Exercise instructions: Among the entries below, retype exactly the lines starting with the one with "3月20日,由广电总局评选的" and going on through the one with "amplifiers, AV receivers", but not the pictures.
-- Working data follows --
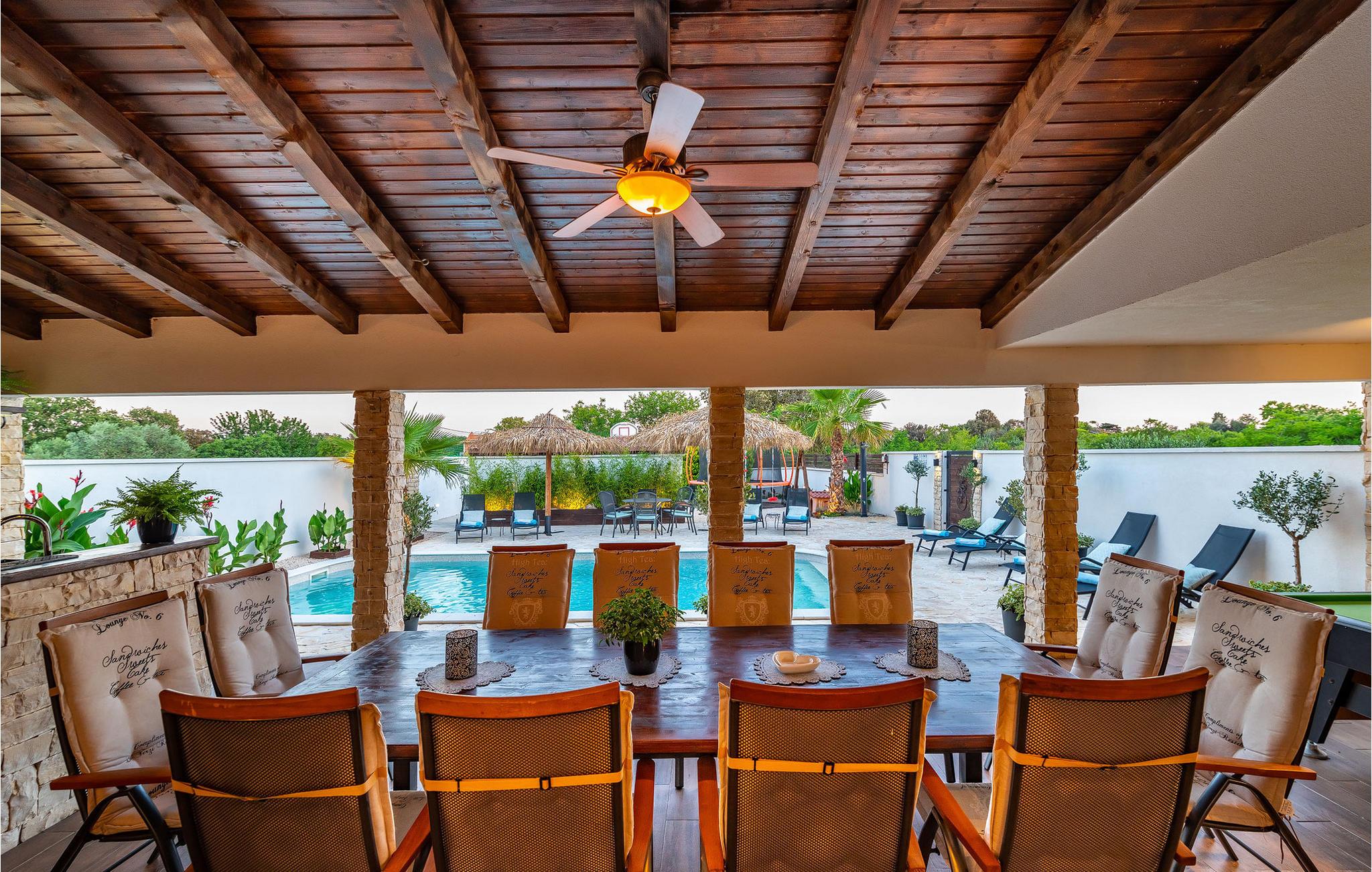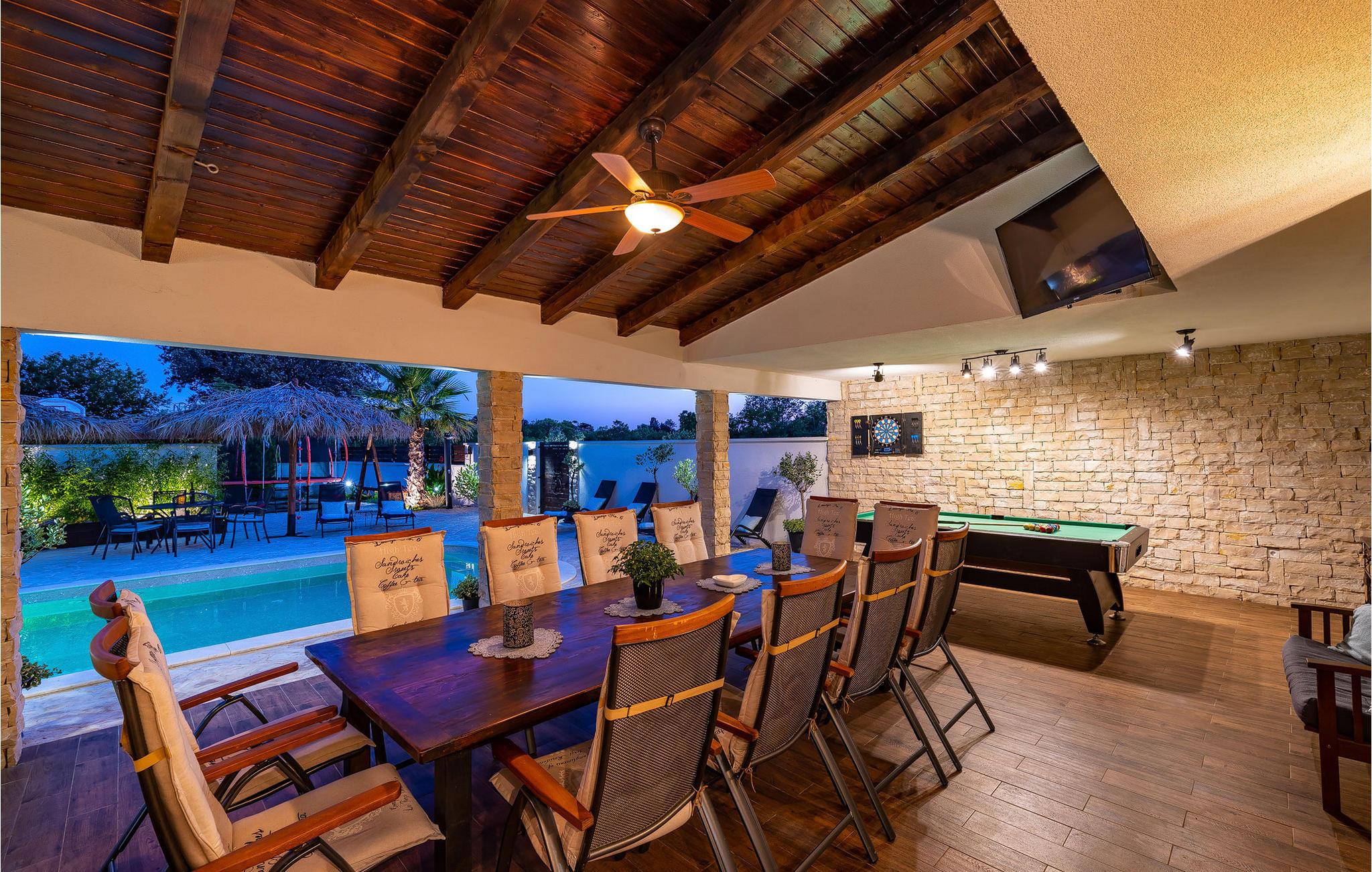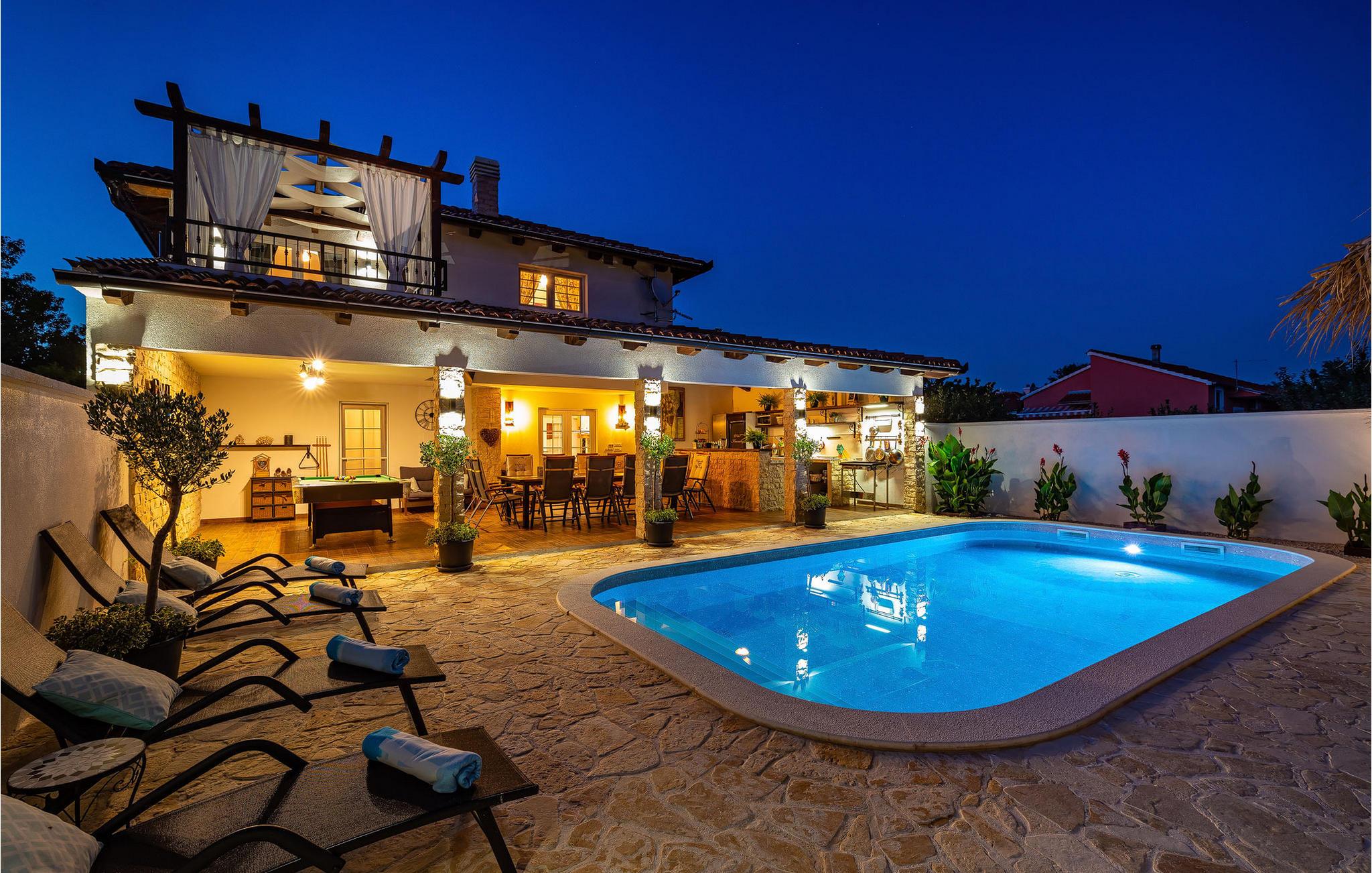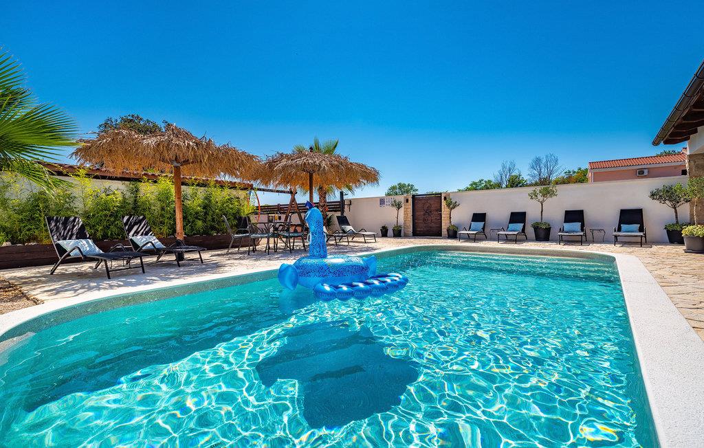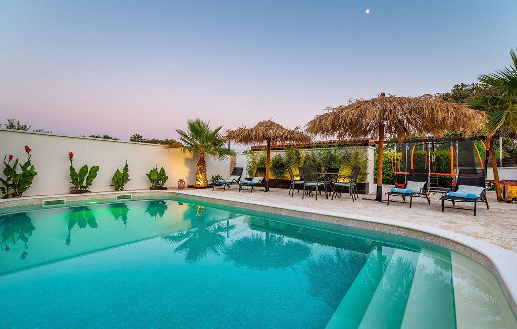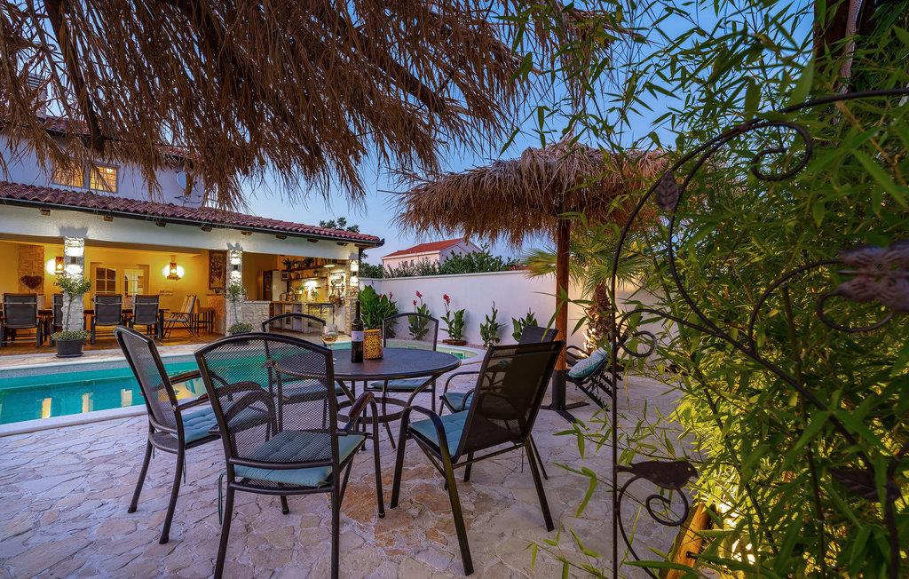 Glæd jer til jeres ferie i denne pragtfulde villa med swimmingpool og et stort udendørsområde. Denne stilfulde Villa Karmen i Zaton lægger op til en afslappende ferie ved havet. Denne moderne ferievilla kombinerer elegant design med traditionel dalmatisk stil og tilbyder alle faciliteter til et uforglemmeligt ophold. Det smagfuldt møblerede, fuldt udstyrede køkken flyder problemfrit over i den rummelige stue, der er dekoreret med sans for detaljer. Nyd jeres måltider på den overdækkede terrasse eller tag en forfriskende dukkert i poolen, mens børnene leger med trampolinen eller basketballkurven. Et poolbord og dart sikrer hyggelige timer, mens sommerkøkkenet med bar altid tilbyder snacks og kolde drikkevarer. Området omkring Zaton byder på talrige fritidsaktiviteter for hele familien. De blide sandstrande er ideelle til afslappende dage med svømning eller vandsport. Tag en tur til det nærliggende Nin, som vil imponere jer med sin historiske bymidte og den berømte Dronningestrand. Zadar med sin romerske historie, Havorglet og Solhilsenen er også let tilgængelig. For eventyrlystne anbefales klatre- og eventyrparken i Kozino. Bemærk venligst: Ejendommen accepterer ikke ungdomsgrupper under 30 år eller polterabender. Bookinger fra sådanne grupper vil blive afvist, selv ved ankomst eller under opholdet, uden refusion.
-- Working data concluded --
-- Working data follows --
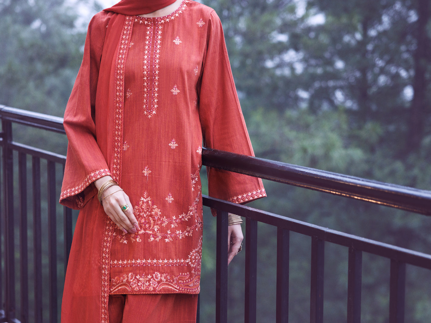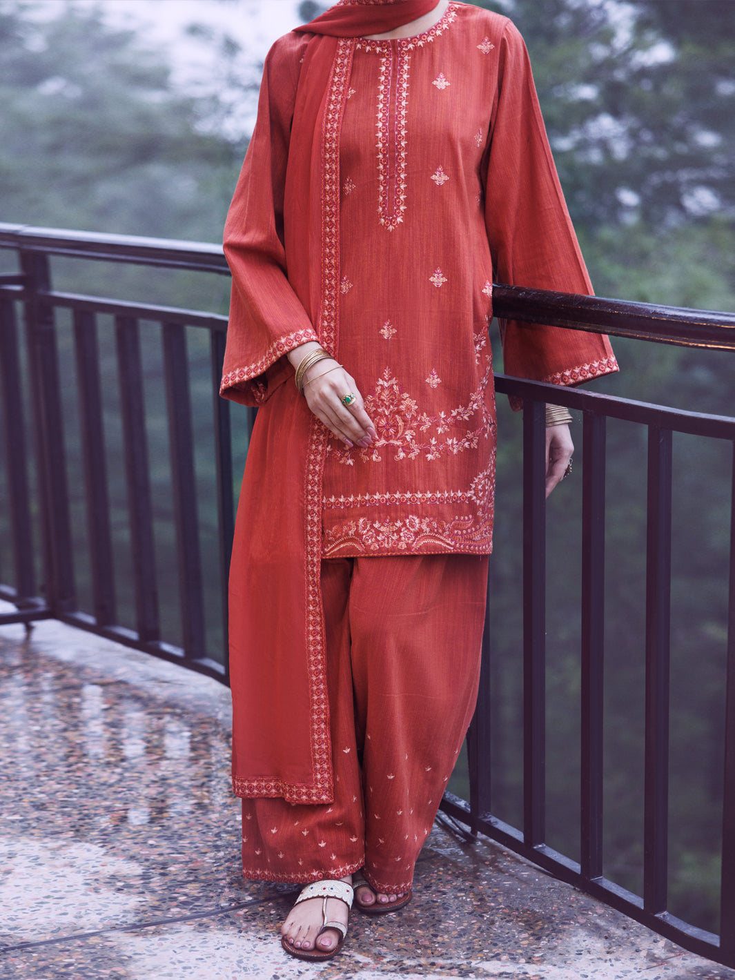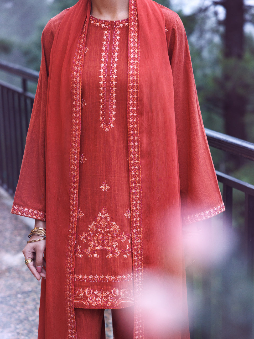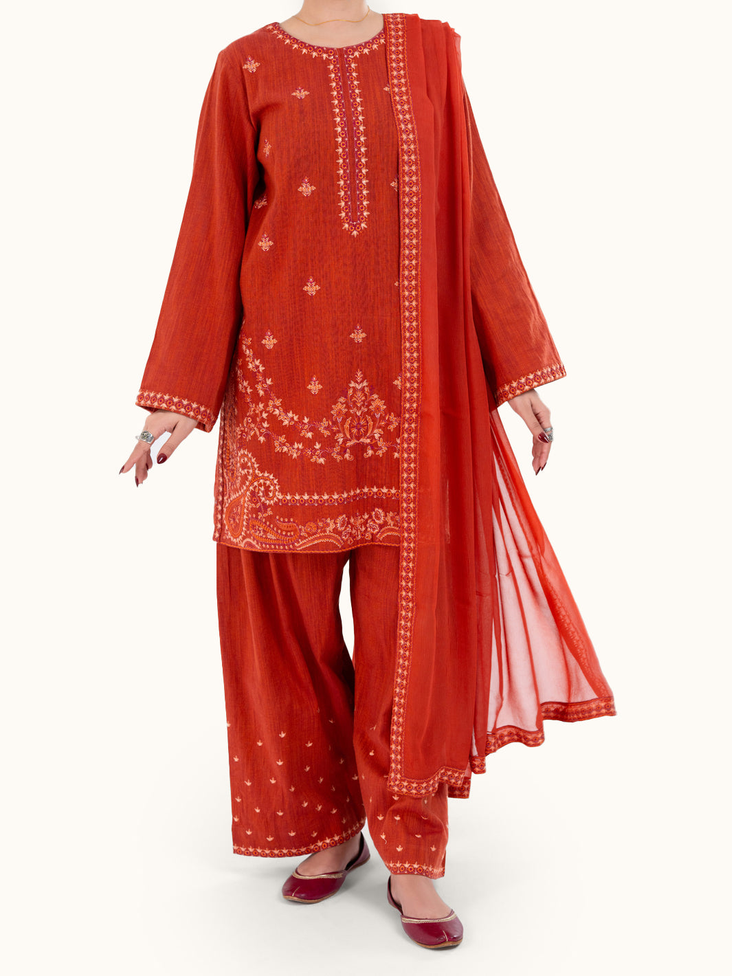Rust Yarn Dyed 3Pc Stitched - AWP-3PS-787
-- Working data concluded --
-- Working data follows --
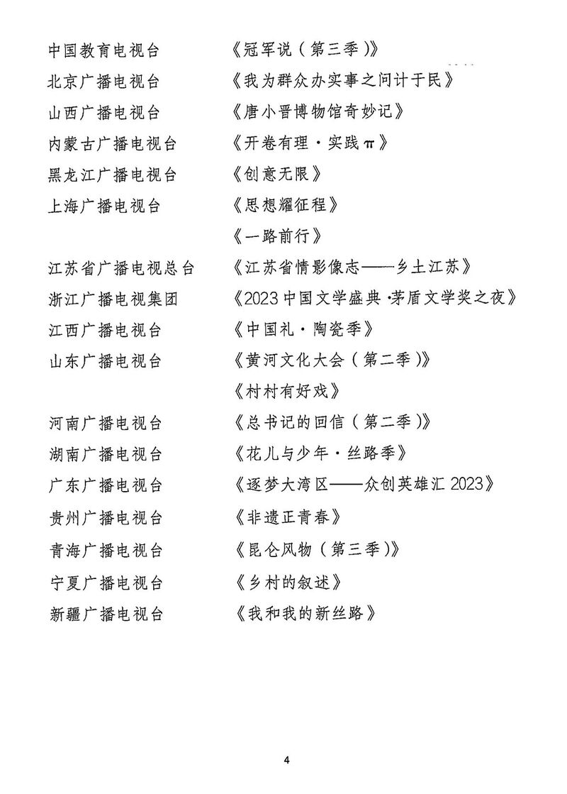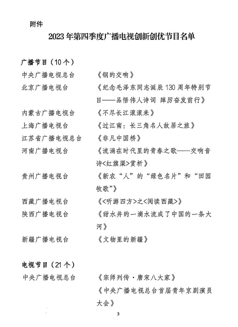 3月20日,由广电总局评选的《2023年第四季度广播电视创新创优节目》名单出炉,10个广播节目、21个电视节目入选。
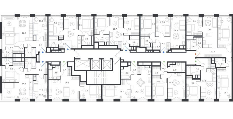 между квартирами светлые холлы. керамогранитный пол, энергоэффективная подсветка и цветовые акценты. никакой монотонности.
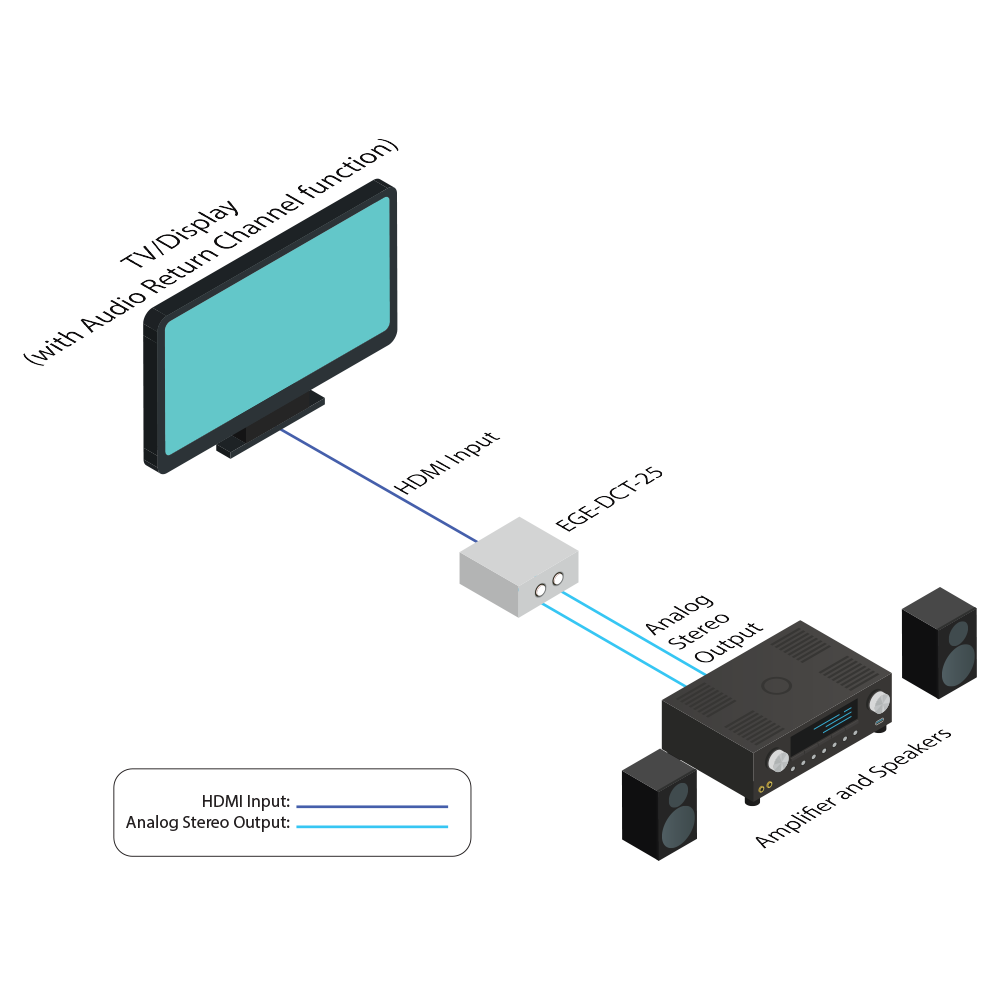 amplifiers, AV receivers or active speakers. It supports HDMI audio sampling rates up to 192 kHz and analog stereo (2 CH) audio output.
-- Working data concluded --
Problem solution:
 3月20日,由广电总局评选的《2023年第四季度广播电视创新创优节目》名单出炉,10个广播节目、21个电视节目入选。
 между квартирами светлые холлы. керамогранитный пол, энергоэффективная подсветка и цветовые акценты. никакой монотонности.
 amplifiers, AV receivers or active speakers. It supports HDMI audio sampling rates up to 192 kHz and analog stereo (2 CH) audio output.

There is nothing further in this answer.